**Records supplied**
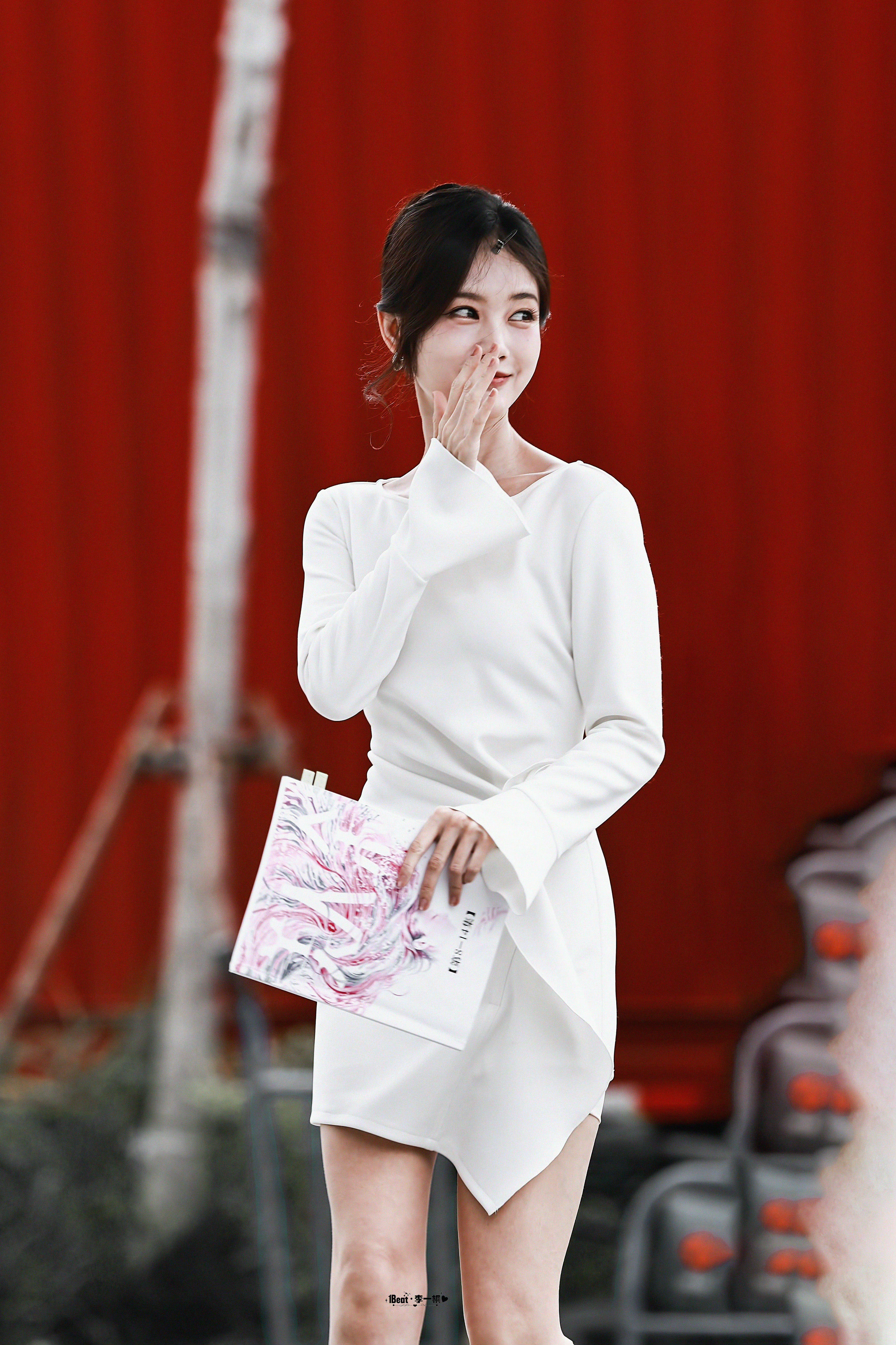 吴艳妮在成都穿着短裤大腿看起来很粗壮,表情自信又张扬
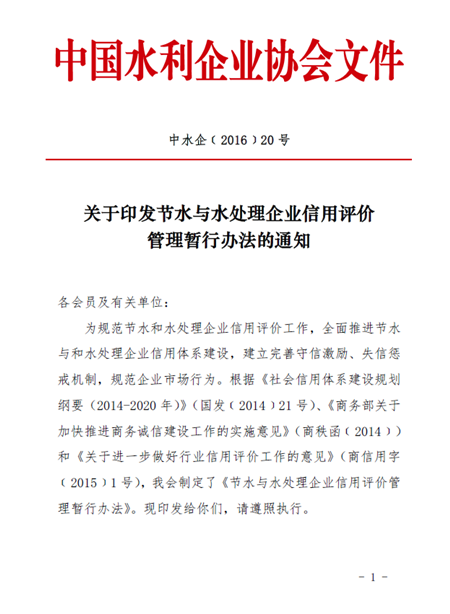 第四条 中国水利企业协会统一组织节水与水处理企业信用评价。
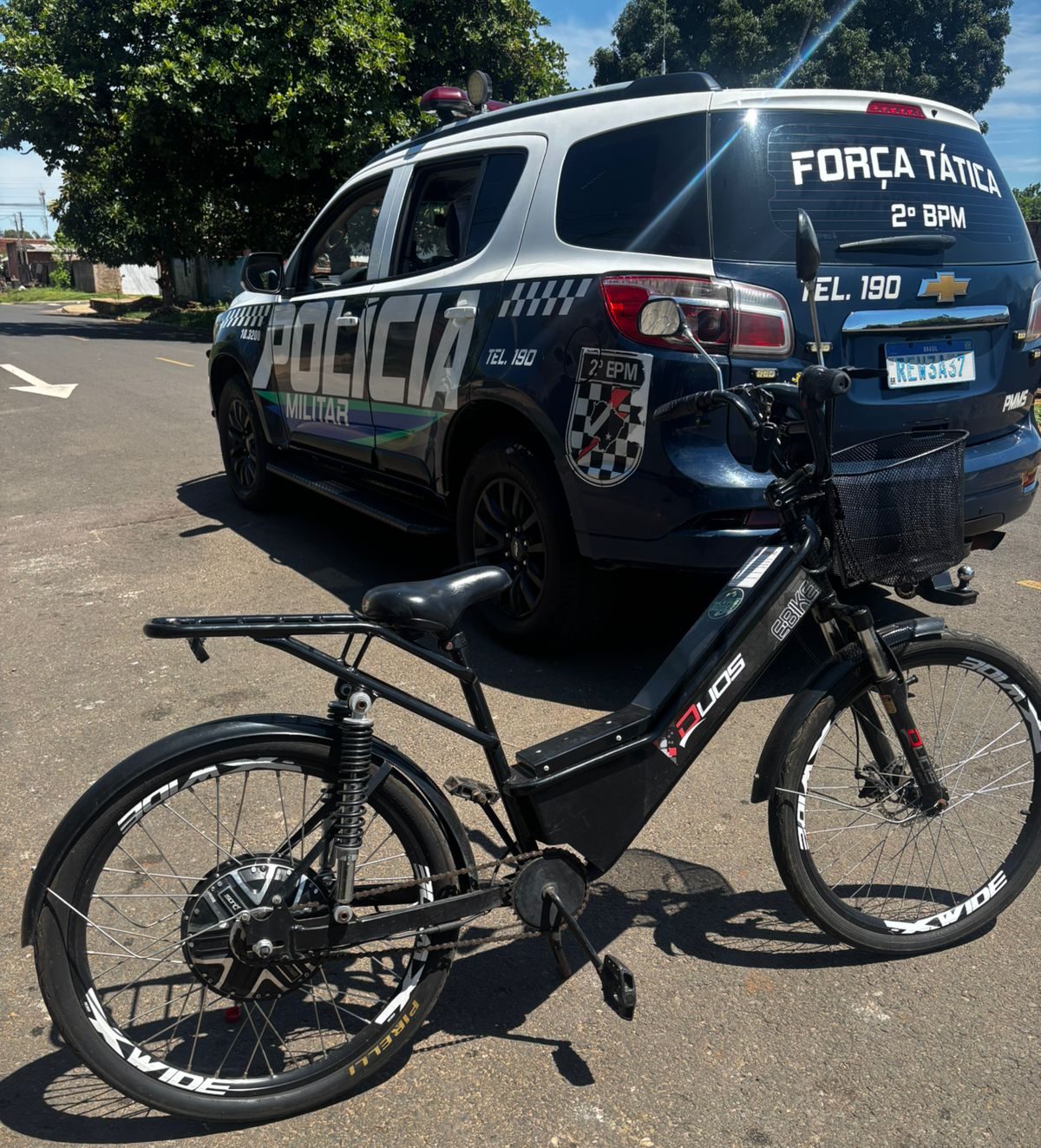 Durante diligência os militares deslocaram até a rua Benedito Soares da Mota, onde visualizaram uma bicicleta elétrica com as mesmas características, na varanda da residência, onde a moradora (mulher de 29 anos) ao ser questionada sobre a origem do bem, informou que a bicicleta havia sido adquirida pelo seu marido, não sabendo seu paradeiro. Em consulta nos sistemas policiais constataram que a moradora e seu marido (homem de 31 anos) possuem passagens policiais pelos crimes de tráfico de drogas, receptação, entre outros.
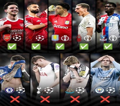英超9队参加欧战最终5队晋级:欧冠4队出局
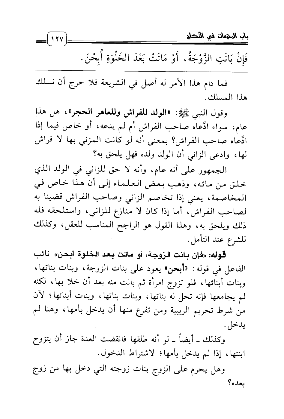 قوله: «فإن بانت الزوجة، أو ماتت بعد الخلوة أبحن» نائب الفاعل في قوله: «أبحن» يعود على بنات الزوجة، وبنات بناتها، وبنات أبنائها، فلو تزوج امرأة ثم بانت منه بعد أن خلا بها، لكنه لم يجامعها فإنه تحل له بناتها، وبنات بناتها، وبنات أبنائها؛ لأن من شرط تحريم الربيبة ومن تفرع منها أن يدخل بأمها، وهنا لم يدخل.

...

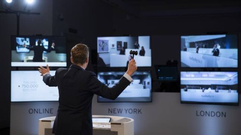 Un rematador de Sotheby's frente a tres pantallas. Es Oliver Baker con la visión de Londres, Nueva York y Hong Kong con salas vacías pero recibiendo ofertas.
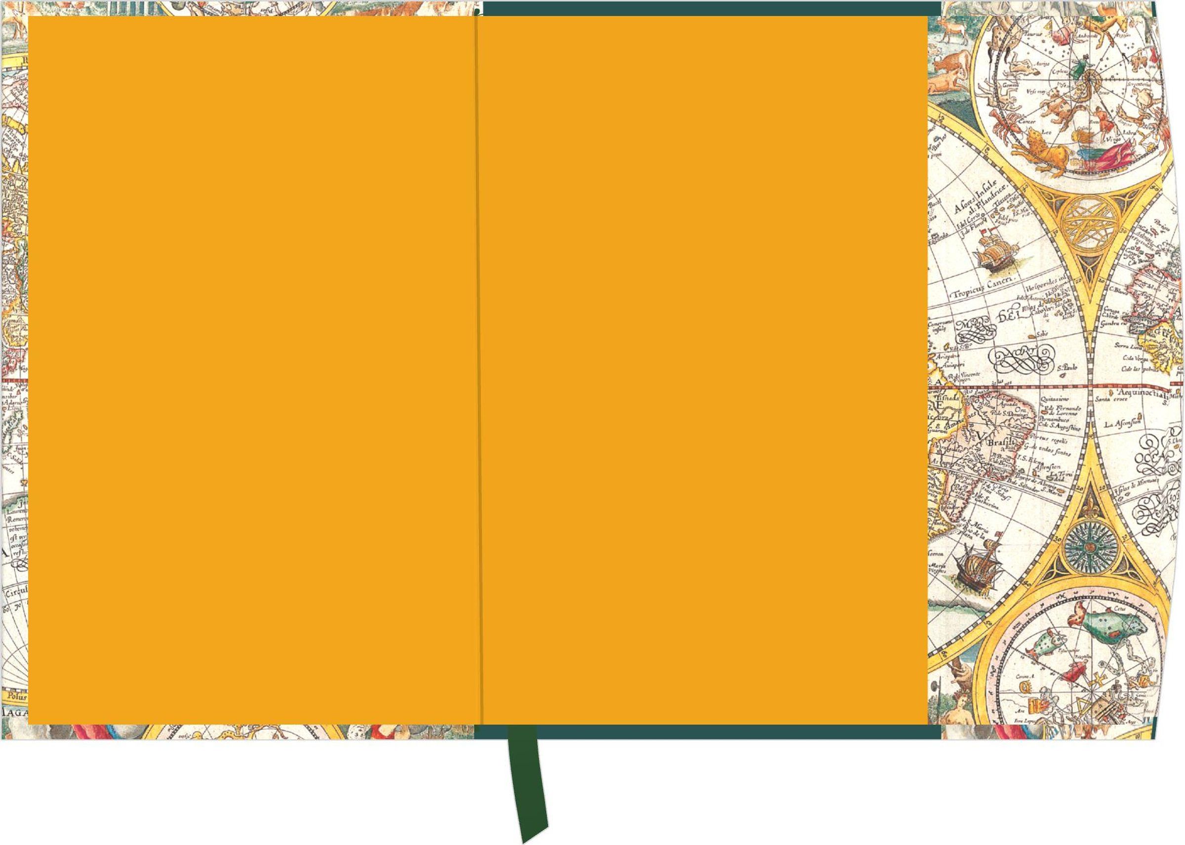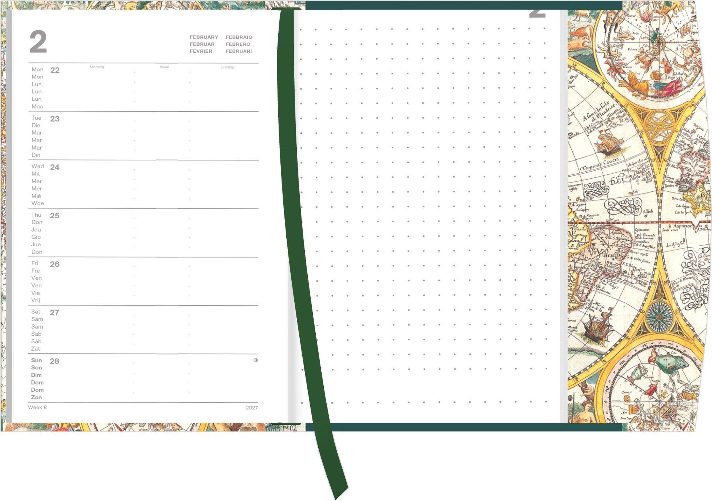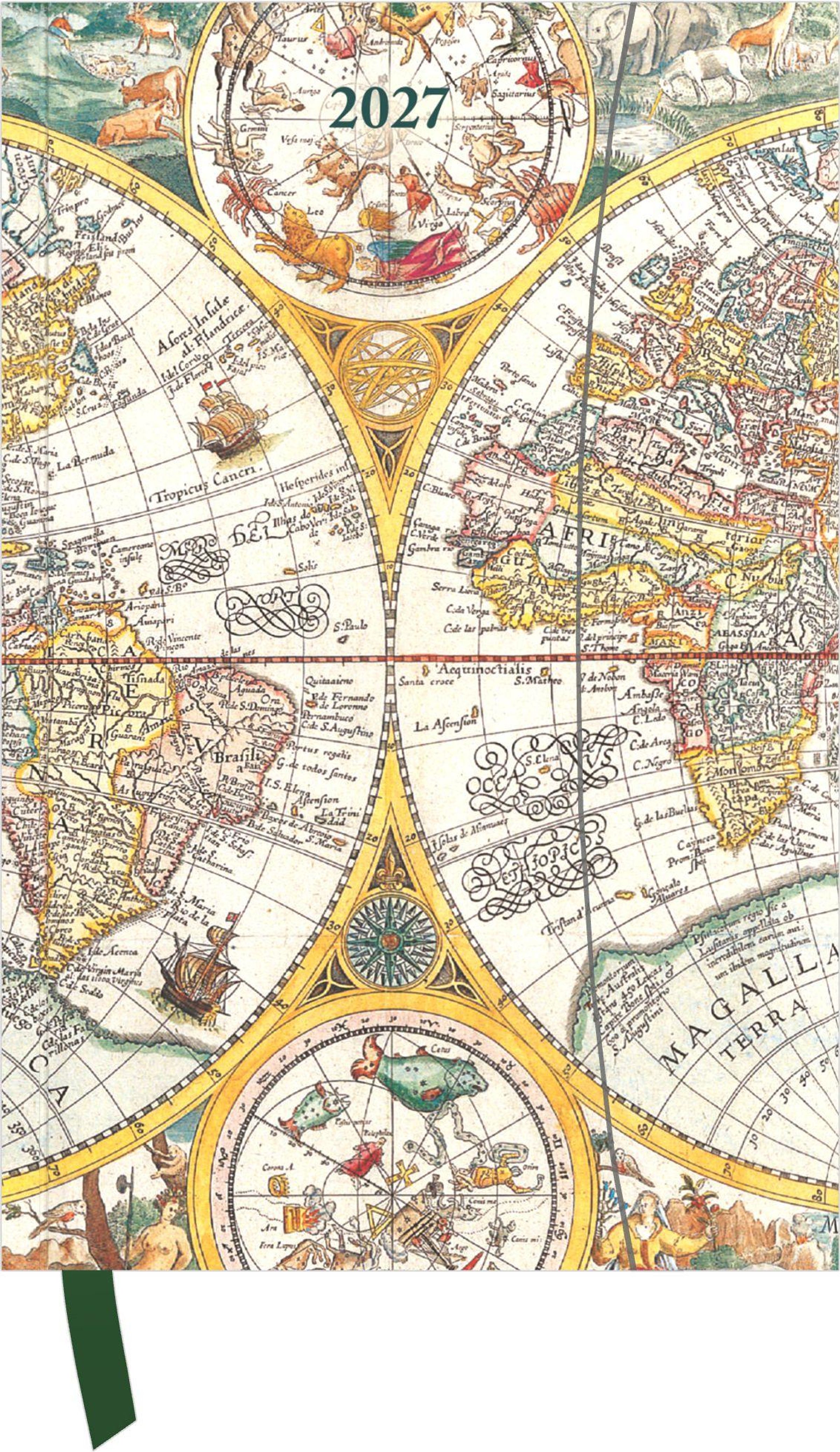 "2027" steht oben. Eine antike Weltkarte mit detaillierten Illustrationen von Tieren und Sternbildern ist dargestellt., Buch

**Exercise**
From the data above, return exactly the lines from the one with "Un rematador de" up to and including the one with "ist dargestellt., Buch". Pictures do not go in the copy.

**Answer to this task**
 Un rematador de Sotheby's frente a tres pantallas. Es Oliver Baker con la visión de Londres, Nueva York y Hong Kong con salas vacías pero recibiendo ofertas.
 "2027" steht oben. Eine antike Weltkarte mit detaillierten Illustrationen von Tieren und Sternbildern ist dargestellt., Buch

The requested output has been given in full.